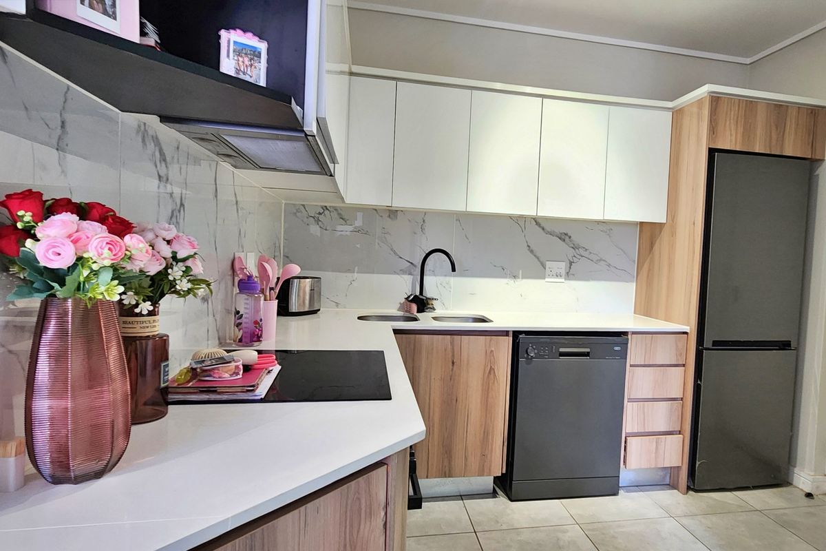 The open-plan kitchen is fully equipped with high-end appliances, including a Defy fridge, dishwasher, and washing machine, as well as loads of cabinetry space and seamlessly blends into the living space. The bright and airy lounge extends onto a small seating balcony through sleek glass sliders, offering a perfect spot to unwind. The unit is DSTV & WiFi ready and is supplied with a backup power supply.
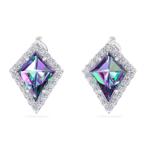 2 1/5 Carat Kite Shape Mystic Topaz and Diamond Earrings In 14K White Gold
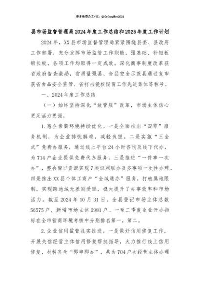 【七哥公文】2024年:县市场监督管理局2024年度工作总结和2025年度工作计划+更多免费公文+VX:QiGeGongWen2024
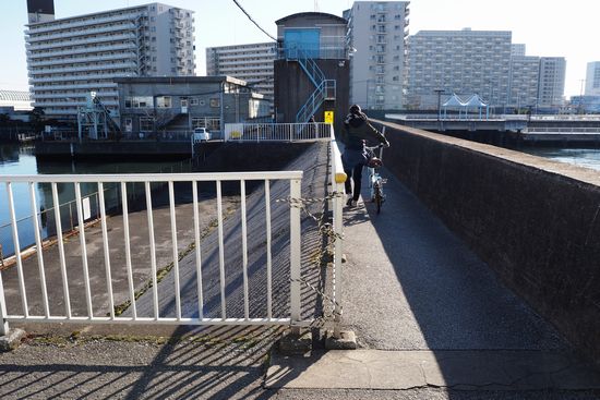 橋を渡って、更に水門の上の通路を通ります。狭いので自転車を押して歩きます。
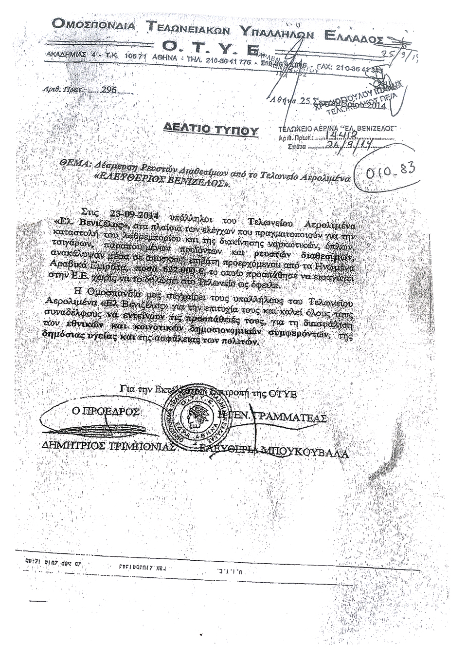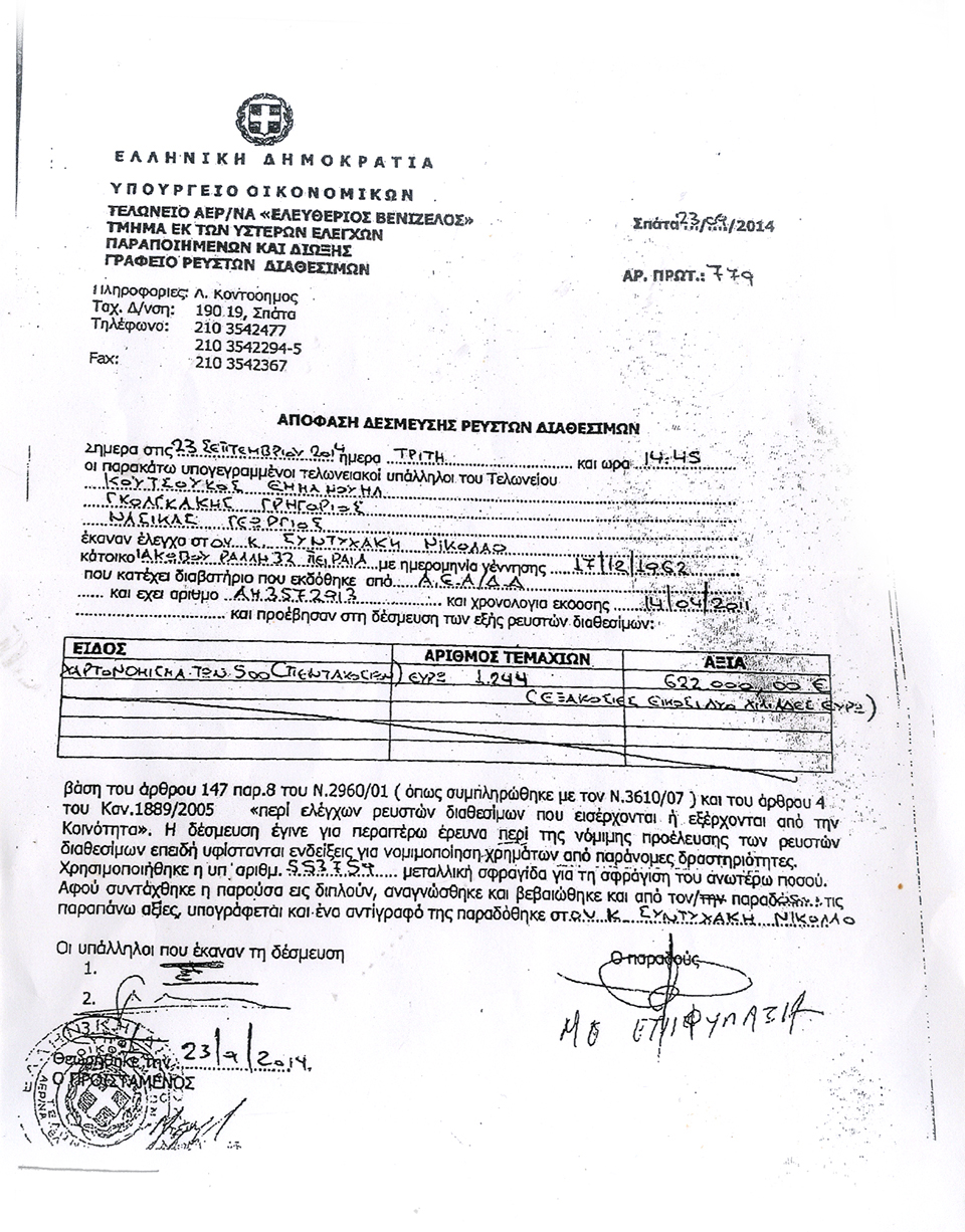 Ο κ. Συντυχάκης σύμφωνα με τα επίσημα έγγραφα της τελωνειακής αρχής του Αεροδρομίου «Ελευθέριος Βενιζέλος» συνελήφθη στις 23/09/2014 με 622.000 ευρώ σε χαρτονομίσματα των 500, που τα είχε τοποθετημένα σε μία βαλίτσα γραφείου, ποσό αδήλωτο και χωρίς κάποιο παραστατικό. Οι αρχές δέσμευσαν το ποσό, κατέγραψαν ως όφειλαν την παράνομη διακίνηση και προχώρησαν στις καθορισμένες από τον νόμο διαδικασίες.
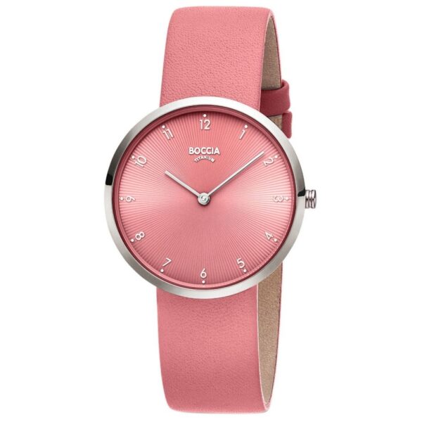 Die BOCCIA Titanium Damenuhr 3309-13 Pink kombiniert modernes Design und hochwertige Technik. Ihr Look ist elegant, frisch und feminin zugleich. Das Gehäuse besteht aus reinem Titan, das besonders leicht und widerstandsfähig ist. Deshalb trägt sich die Uhr angenehm und hautfreundlich. Außerdem ist Titan hypoallergen, korrosionsbeständig und recycelbar. Das pinke Zifferblatt sorgt für eine charmante Ausstrahlung, während das farblich passende Lederarmband Stil und Komfort vereint. Diese Uhr verbindet Modebewusstsein und Funktionalität auf natürliche Weise.
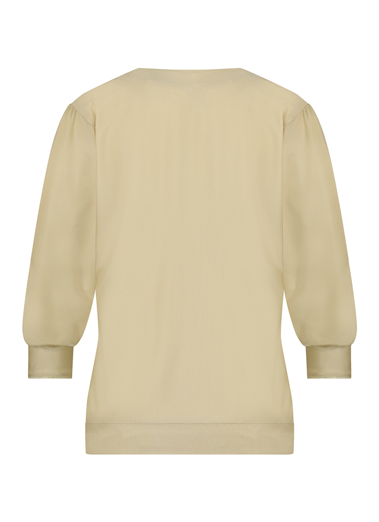 Ontdek de perfecte aanvulling op jouw zomergarderobe met de stijlvolle ZIP73 top in een prachtige champagnekleur. Deze top, ontworpen voor de modebewuste vrouw, combineert moeiteloos comfort met elegantie, waardoor het een must-have is voor elke gelegenheid deze zomer.
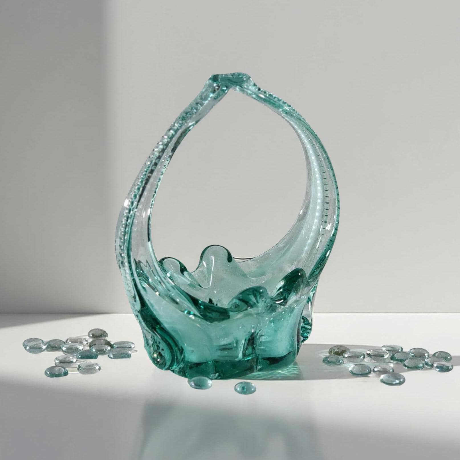 A sculptural teal art glass basket adding organic form, colour, and handmade artistry to shelves, consoles, and centrepieces.
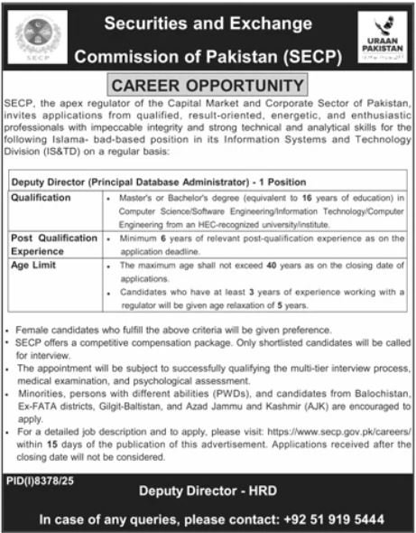The Security Exchange Commission of Pakistan SECP Jobs April 2026 Advertisement announces an excellent career opportunity for experienced IT professionals looking to work in a prestigious regulatory body. Securities and Exchange Commission of Pakistan is inviting applications for the position of Deputy Director (Principal Database Administrator) in its Information Systems and Technology Division (IS&TD), based in Islamabad. This role is ideal for candidates with strong technical, analytical, and database management expertise, offering a competitive salary package and a structured recruitment process. Interested applicants must apply online within 15 days of the advertisement publication.
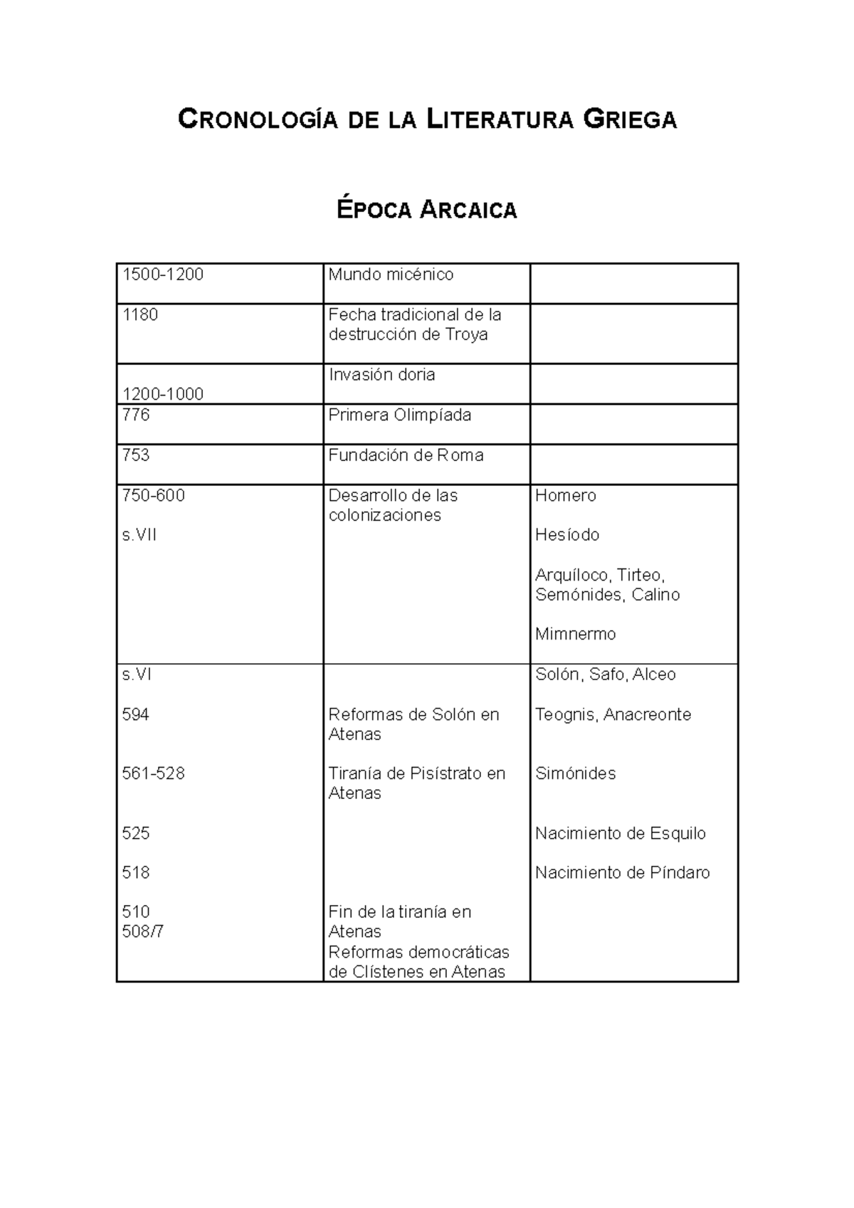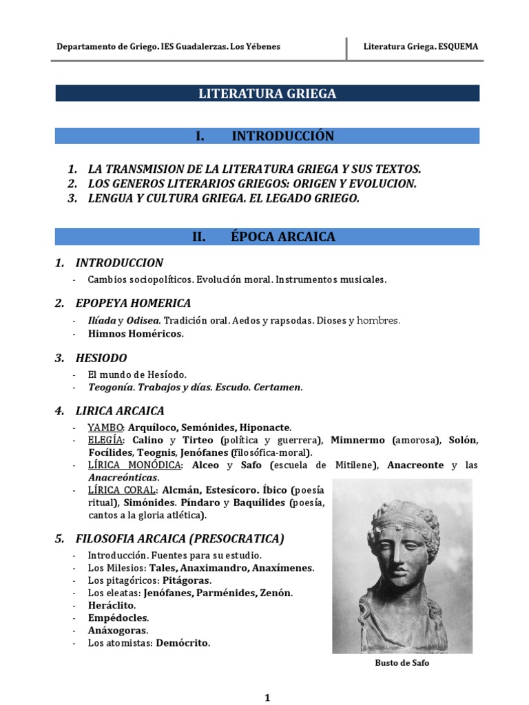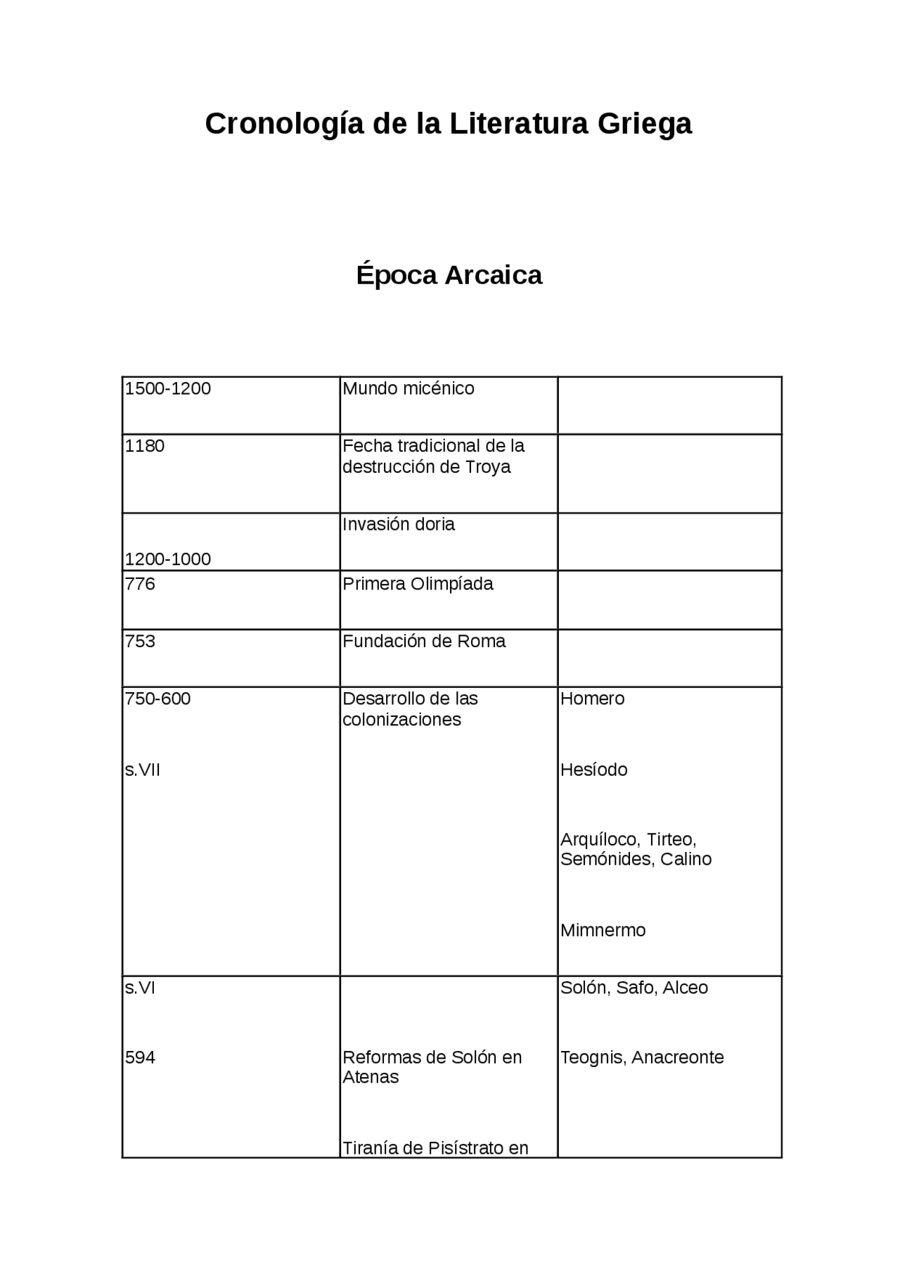 1. Valoración. cronologia literatura romana y griega. 12. Valoraciones. Cronología de la épica y lírica griega y romana. 6. Valoraciones. Época Arcaica de la Literatura Griega - Historia de la Literatura Griega - Apuntes.

Directions:
What is needed is an exact copy of the lines from the start of the records through the line containing "Die BOCCIA Titanium", with no pictures.

Completed exercise:
 The open-plan kitchen is fully equipped with high-end appliances, including a Defy fridge, dishwasher, and washing machine, as well as loads of cabinetry space and seamlessly blends into the living space. The bright and airy lounge extends onto a small seating balcony through sleek glass sliders, offering a perfect spot to unwind. The unit is DSTV & WiFi ready and is supplied with a backup power supply.
 2 1/5 Carat Kite Shape Mystic Topaz and Diamond Earrings In 14K White Gold
 【七哥公文】2024年:县市场监督管理局2024年度工作总结和2025年度工作计划+更多免费公文+VX:QiGeGongWen2024
 橋を渡って、更に水門の上の通路を通ります。狭いので自転車を押して歩きます。
 Ο κ. Συντυχάκης σύμφωνα με τα επίσημα έγγραφα της τελωνειακής αρχής του Αεροδρομίου «Ελευθέριος Βενιζέλος» συνελήφθη στις 23/09/2014 με 622.000 ευρώ σε χαρτονομίσματα των 500, που τα είχε τοποθετημένα σε μία βαλίτσα γραφείου, ποσό αδήλωτο και χωρίς κάποιο παραστατικό. Οι αρχές δέσμευσαν το ποσό, κατέγραψαν ως όφειλαν την παράνομη διακίνηση και προχώρησαν στις καθορισμένες από τον νόμο διαδικασίες.
 Die BOCCIA Titanium Damenuhr 3309-13 Pink kombiniert modernes Design und hochwertige Technik. Ihr Look ist elegant, frisch und feminin zugleich. Das Gehäuse besteht aus reinem Titan, das besonders leicht und widerstandsfähig ist. Deshalb trägt sich die Uhr angenehm und hautfreundlich. Außerdem ist Titan hypoallergen, korrosionsbeständig und recycelbar. Das pinke Zifferblatt sorgt für eine charmante Ausstrahlung, während das farblich passende Lederarmband Stil und Komfort vereint. Diese Uhr verbindet Modebewusstsein und Funktionalität auf natürliche Weise.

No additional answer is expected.